### Supplied records

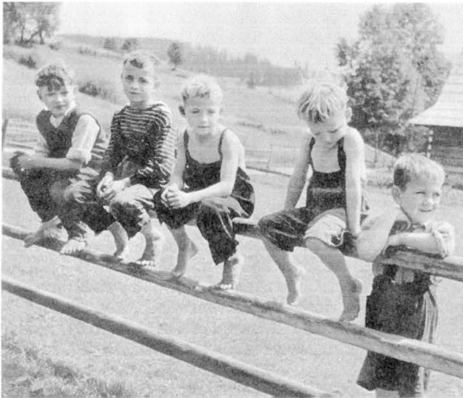
66% of the population of the Tatras mountains possess blond or auburn hair, as is evident in these Podhalean children.
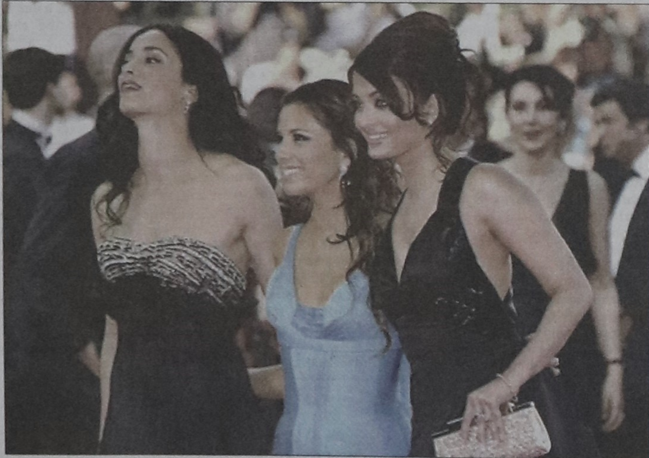
Aishwarya Rai (R) seen with other celebrities at the Cannes Film Festival
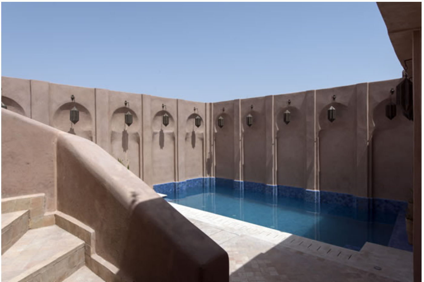
Almaha Marrakech embraces tranquillity

The hammam and spa at Almaha Marrakech has been created by Charles using zellige elements (mosaic patterned tiles) designed to enhance the guests’ peaceful state of mind. Five different hammam rituals are available and additionally ten massages are offered.
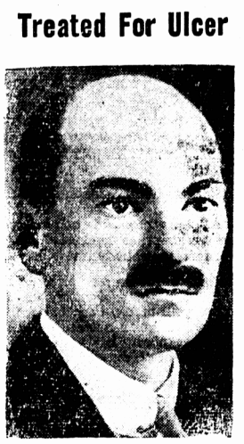
Treated For Ulcer

Efforts To Settle Berlin Crisis Fail BERLIN, Sept. 9 (Thursday)—(CP)—The Russians rejected early today a French protest of the "double cross kidnapping of 13 Western Berlin policemen." The French protest, made by Maj.-Gen. Roger Noiret, deputy French commander in Berlin, demanded the release of the 13 Germans. They were snatched at dawn yesterday by Russian machine-guns and eastern sector Berlin police while travelling under a Soviet safe conduct guarantee from the besieged city hall. The Russian deputy commander, Lt.-Gen. M.I. Dravlin, replied to Noiret in a letter published tonight by the Soviet News Bureau. The French protest coincided with a United States protest to the Russians against Communist disorders at the city hall clamored by the mass kidnapping. The American commandant, Col. Frank Howley, sent the protest to his opposite number, Maj.-Gen. Alexander Kotikov. Howley condemned the recent
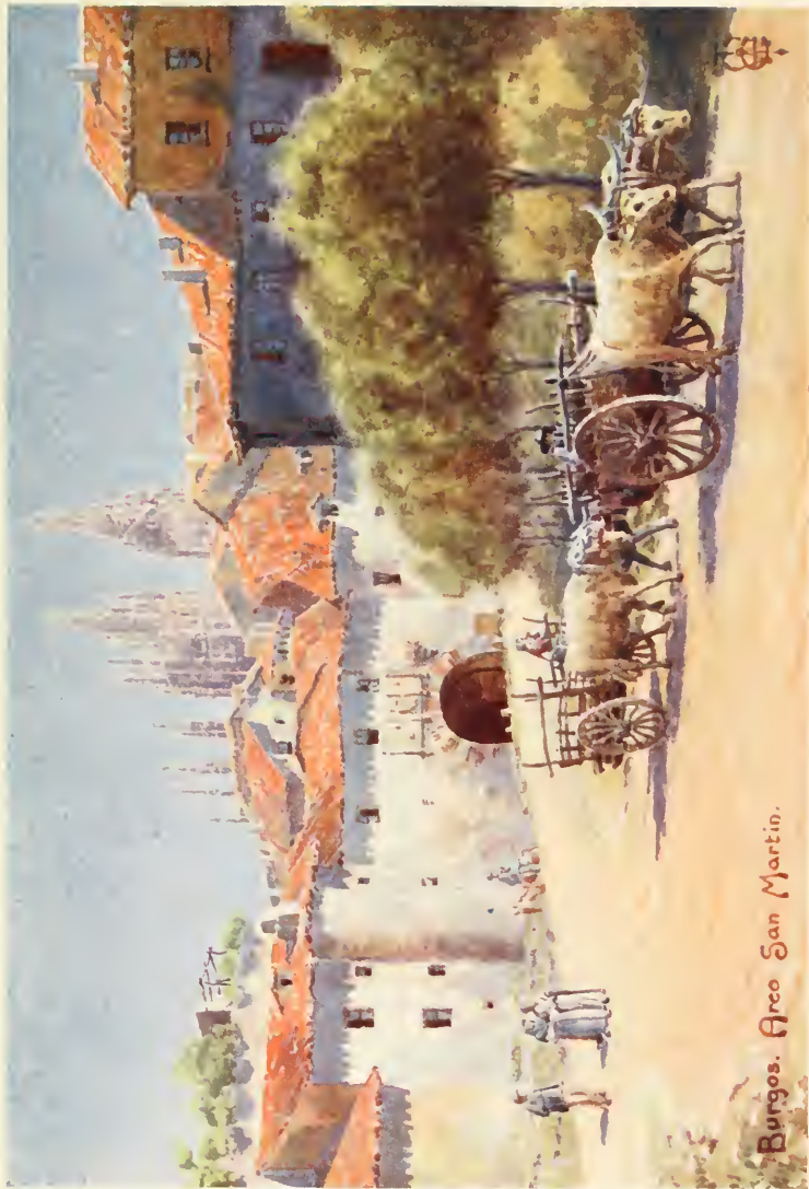
Burgos. Arco San Martin.

######

What's needed is every record restated exactly, pictures excluded.

66% of the population of the Tatras mountains possess blond or auburn hair, as is evident in these Podhalean children.
Aishwarya Rai (R) seen with other celebrities at the Cannes Film Festival
Almaha Marrakech embraces tranquillity

The hammam and spa at Almaha Marrakech has been created by Charles using zellige elements (mosaic patterned tiles) designed to enhance the guests’ peaceful state of mind. Five different hammam rituals are available and additionally ten massages are offered.
Treated For Ulcer

Efforts To Settle Berlin Crisis Fail BERLIN, Sept. 9 (Thursday)—(CP)—The Russians rejected early today a French protest of the "double cross kidnapping of 13 Western Berlin policemen." The French protest, made by Maj.-Gen. Roger Noiret, deputy French commander in Berlin, demanded the release of the 13 Germans. They were snatched at dawn yesterday by Russian machine-guns and eastern sector Berlin police while travelling under a Soviet safe conduct guarantee from the besieged city hall. The Russian deputy commander, Lt.-Gen. M.I. Dravlin, replied to Noiret in a letter published tonight by the Soviet News Bureau. The French protest coincided with a United States protest to the Russians against Communist disorders at the city hall clamored by the mass kidnapping. The American commandant, Col. Frank Howley, sent the protest to his opposite number, Maj.-Gen. Alexander Kotikov. Howley condemned the recent
Burgos. Arco San Martin.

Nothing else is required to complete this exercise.